Thread: Determining the presence of wireshark
View Single Post
  #48 (permalink)  
Old March 29th 10, 09:25 PM posted to alt.internet.wireless,comp.os.linux.networking,comp.os.linux.security,microsoft.public.access.security,microsoft.public.windows.vista.networking_sharing
Shadow[_3_]
external usenet poster
  
Posts: 2
Default Determining the presence of wireshark
On Tue, 9 Mar 2010 08:27:21 -0800 (PST), Karthik Balaguru
wrote:

Hi,
How to determine the presence of wireshark in a network ?

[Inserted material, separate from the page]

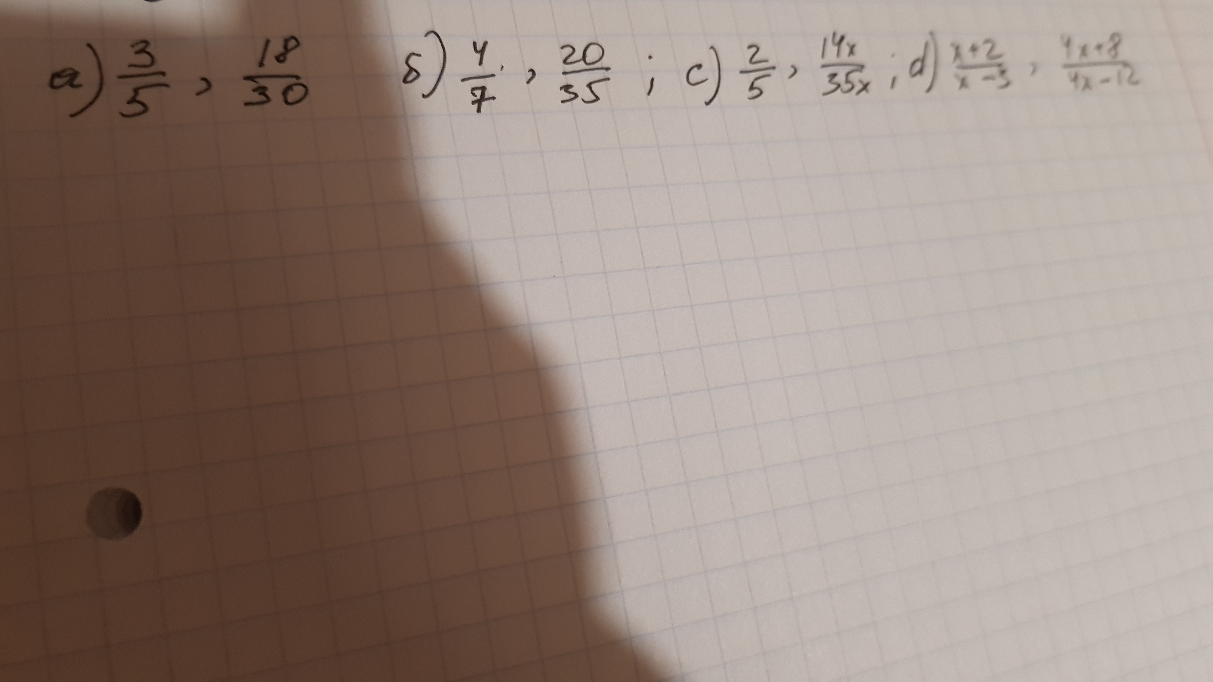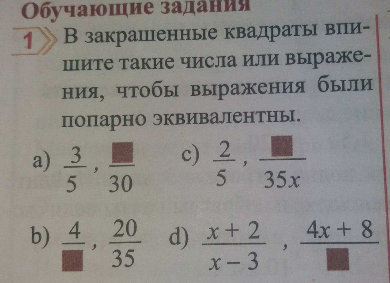 Решение в кратности, к примеру 3/5 и 18/30 просто 18/30=(3×6)/(5×6), то есть умножаем и верхнюю и нижнюю часть на одно и тоже число, так и с остальными примерами

Are there any specific packet types exchanged while it
is present in the network so that it can be used to determine
its presence in the network . Any tool to identify its presence
in either Windows or Linux ? Any ideas ?

Thx in advans,
Karthik Balaguru
Wireshark has DNS resolving on by default (or it used to, as
far as I can remember). If the sniffer is an amateur, and leaves it
on, you can try to ping an imaginary address. The sniffer's wireshark
will pick up the address and try to resolve it. So just filter with
"dns and "pinged IP"") and you can see which computer wireshark is on.
Duh.
[]'s
Kismet and aircrack of course are MUCH less detectable than
wireshark.......they are totally non intrusive.